The connection between polymorphic and dynamic typing was originally considered
by Curry et al. (1972, Combinatory Logic, vol.
ii) in the form of “polymorphic type assignment” for untyped
λ-terms. Types are assigned after the fact to what is, in modern
terminology, a dynamic language. Interest in type assignment was revitalized by
the proposals of Bracha et al. (1998, OOPSLA) and Bank
et al. (1997, POPL) to enrich Java with polymorphism
(generics), which in turn sparked the development of other languages, such as
Scala, with similar combinations of features. In such a setting, where the
target language already has a monomorphic type system, it is desirable to
compile polymorphism to dynamic typing in such a way that as much static typing
as possible is preserved, relying on dynamics only insofar as genericity is
actually required.

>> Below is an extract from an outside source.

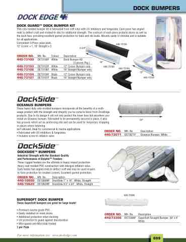 • Premium marine grade PVC • Easily installed on most docks • Additional protection when docking • UV protection to guard against discoloration • Microguard anti-Microbial treated 1 per Pack

The basic approach is to compile polymorphism using
embeddings from each type into a universal “top” type, ${\mathbb{D}}$, and partial projections that go in the
other direction. This scheme is intuitively reasonable, and, indeed, has been
used in practice many times. Proving its correctness, however, is non-trivial.
This paper studies the compilation of System F to an
extension of Moggi's computational meta-language with a dynamic type and shows
how the compilation may be proved correct using a logical relation.